Ommmmmm Moderator wurde gerufen....

Huch was ist los???? Ommmm..

OKOK schalt die Telepathierufe wieder ab...

Nee Kontonummer wird nicht gerne gesehen, wenn sie nicht frei im Netz zugänglich ist. z.B. Impressum der Firmenseite.
Zur Sicherheit kann man das via PN an einen Moderator senden oder an den Admin (Heiko) wenn es dann keine Probleme macht, können wir die KtoNr. nach einer Prüfung veröffentlichen.


----------



## BenTigger (31 Juli 2012)

Paulchen Panther schrieb:


> Aber wie nutze ich "Unterhaltung"


 
Links auf den Namen klicken, mit dem du eine Unterhaltung beginnen möchtest. Dann öffnet sich ein Fenster und dort den Text "Unterhaltung beginnen" anklicken. Dann den Titel und den Text eingeben und schon hast du eine private Unterhaltung die nur du und der angeklickte User lesen kann.


----------



## Aka-Aka (31 Juli 2012)

Es hat geklappt.
Juchu!




http://www.disney.de/winnie-puuh/spiele-und-aktivitaten/spiele/tiggers-wolkentrampolin/


----------



## Hippo (31 Juli 2012)

Aka, hab´ ich heut´ schon mal "alter Sausack" zu Dir gesagt   ?
Mir wär grad so danach ...
Alter Spielratz!


----------



## Paulchen Panther (31 Juli 2012)

Ist das Bankgeheimnis in diesem Punkt nicht eingeschränkt? Die Firmen geben ja ihre Kontonummern sowieso selbst preis (die wollen ja, daß man dahin überweist), z. B. auf Rechnungen, oder bei unzulässigen Lastschriften (da nehmen Sie uns ja einfach die Last ab selbst zu überweisen. Deswegen Lastschrift )


----------



## BenTigger (31 Juli 2012)

Uiiiii DANKE... Ja so liebe ich mein Avatar ....

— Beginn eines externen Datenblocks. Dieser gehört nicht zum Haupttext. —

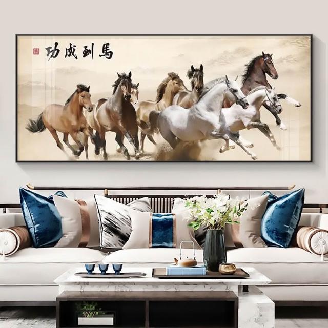 (客製) 八駿圖 馬到成功 裝飾畫 壁畫 風水畫鋁閤框 晶瓷畫 掛畫 酒店 辦公室 客廳掛畫 牆壁裝飾 開幕送禮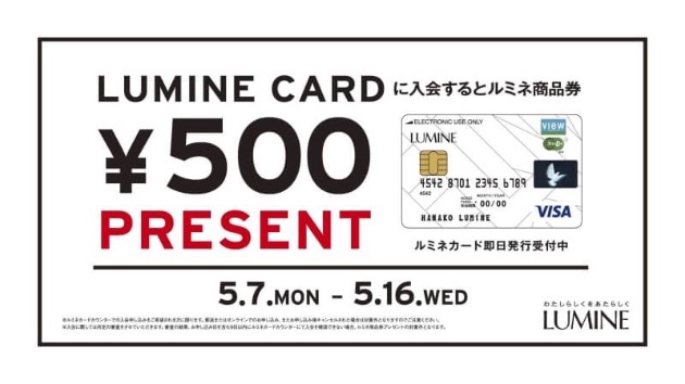 また、まだルミネカードを持っていない方も只今の期間はカード作成で更にお得なキャンペーン実施中!

PS.. anderer Beitrag wurde auch von mir wunschgemäß formatiert. du startetest mit einer runden Klammer einen quote.... ( anstelle [...
schaus dir noch mal an...


----------



## Hippo (31 Juli 2012)

Paulchen Panther schrieb:


> Kann ich das auch lernen? Ist das schwierig?
> 
> Ist einer anwesend?


 
Mehr als Dir im Zweifelsfall


			
				Aka-Aka schrieb:
			
		

> und ich nerve die Moderatoren hier schon seit Jahren...


lieb sein kann ...
Das Problem ist eher: Wie überlebe ich das ...


----------



## Paulchen Panther (31 Juli 2012)

ok, keine weiteren Fragen


----------



## Aka-Aka (31 Juli 2012)

Paulchen Panther,
Regel 1:
hüte Dich vor wütenden Hippos!





PS: Sollte meine Alpenkönig-Theorie stimmen, die verwendeten ein Konto bei der... Hypovereinsbank (aber in Hamburg)


----------



## BenTigger (31 Juli 2012)

Paulchen Panther schrieb:


> ok, keine weiteren Fragen


Doch frag nur... Aber nur dann, wenn du auch die Antworten abkannst


----------



## Paulchen Panther (31 Juli 2012)

Ne, ist in Köln. Wenn Du deren Zentrale in München anrufst und denen die Kontonummer sagst, dann sagen die Dir sogar, wer das Konto betreut und dessen Telefonnummer. Habe ich letzte Woche ausprobiert. Kein Problem.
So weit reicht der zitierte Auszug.